Thomas F. Allen Award
Thomas Allen (1942-2007) ran a successful private law firm in Cleveland after graduating with a Yale Law School degree in 1968, but his first passion was always stamp collecting. Thomas was an expert on Ohio postal history, winning an international gold medal for his Cleveland postal markings exhibit. He also co-authored the book 19th Century Cleveland Ohio Postal Markings (1991), served as president of the United States Philatelic Classics Society, and served as president, secretary, and treasurer for many years with the Garfield-Perry Stamp Club.
The Thomas F. Allen Award was founded in 2013 to promote research and philatelic writing. It is awarded each year by the American Philatelic Research Library to the writer(s) of the best article to appear in the Philatelic Literature Review during the previous year. Past winners have shared new research or knowledge, or offered new and relevant discussions to well-studied topics.
2022 – Abhishek Bhuwalka
The 2022 Allen Award is presented to Abhishek Bhuwalka for his article, “The Bibliophile of Schwalmtal-Waldniel: Wolfgang Maassen,” which appeared in the 2021 Third Quarter issue of the Philatelic Literature Review.
The article is essentially a profile and interview with Wolfgang Maassen, to whom the author refers as “the greatest philatelic historian of all time.” Maassen tells the author he is a workaholic, spending a good portion of every day, “writing, researching, collecting, archiving …” The result has been a massive amount of research and publications, including some of the great names of philately – particular those from Europe – including Alfred Moschkau, Heinrich Köhler and Philipp von Ferrary.

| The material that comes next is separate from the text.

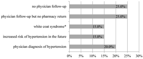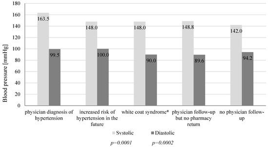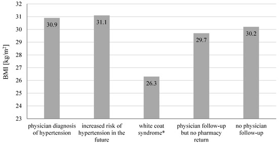 As a result of blood pressure screenings in a community pharmacy, 16.9% of participants with elevated blood pressure (≥140/90 mmHg) were unaware of it and were referred to a physician. In Poland, almost 40.0% of adults do not know their own blood pressure, and about 30.0% are unaware of having hypertension [10]. Education level showed a correlation with patient reaction to the results of the blood pressure screening. Individuals who had high blood pressure during screening at community pharmacy and were referred to the physician but did not return to the pharmacy with feedback had received a secondary education. We observed that participants with higher education were more aware of the negative effects of hypertension and were more attentive to taking care of their health. They showed the greatest sense of responsibility for their health and confirmed their willingness to reeducate themselves in the pharmacy in the field of diagnosed disease. Literature reports show that higher education correlates with better knowledge and information about hypertension, which in turn results in a healthier lifestyle [18]. On the other hand, the lower socio-economic status, assessed according to the level of education, is associated with a higher incidence of hypertension in young adults [19]. Most people who had an increased risk of developing the disease in the future were obese. Obesity or even excessive weight is inevitably associated with an increased risk of cardiovascular disease. It is also a consequence of comorbidities together with overweight [20]. During the study, we noticed that all the people diagnosed with hypertension by the physician were obese. Of the people referred to the physician, hypertension has since been diagnosed in 20.0% and they have started pharmacotherapy. Their mean blood pressure was the highest among all patients referred to a physician, and their mean BMI was indicative of obesity.

At more than 10,000 words, the article is hefty, but incredibly fascinating as the author probes the mind of this devotee of philatelic research who, himself, has probed the mines of great philatelists through their legacy works. Although the meat of the article certainly are Maassen’s responses, it clearly took the author a great deal of his own knowledge, research and skill to ask the right questions. From the introduction:
I met Maassen a couple of years back in Stockholm and found him to be a very modest and down-to-earth man. However, make no mistake; behind his simplicity is a steely will which enables him to spend 12 hours a day, seven days a week, researching and writing about philatelic collectors, dealers, forgers (a most charming subset of philatelic personalities!); institutions; literature, and more. I was very inspired with the way he comes across in this interview going about his business; in fact, I would say that I had goose bumps by the time I came close to the end!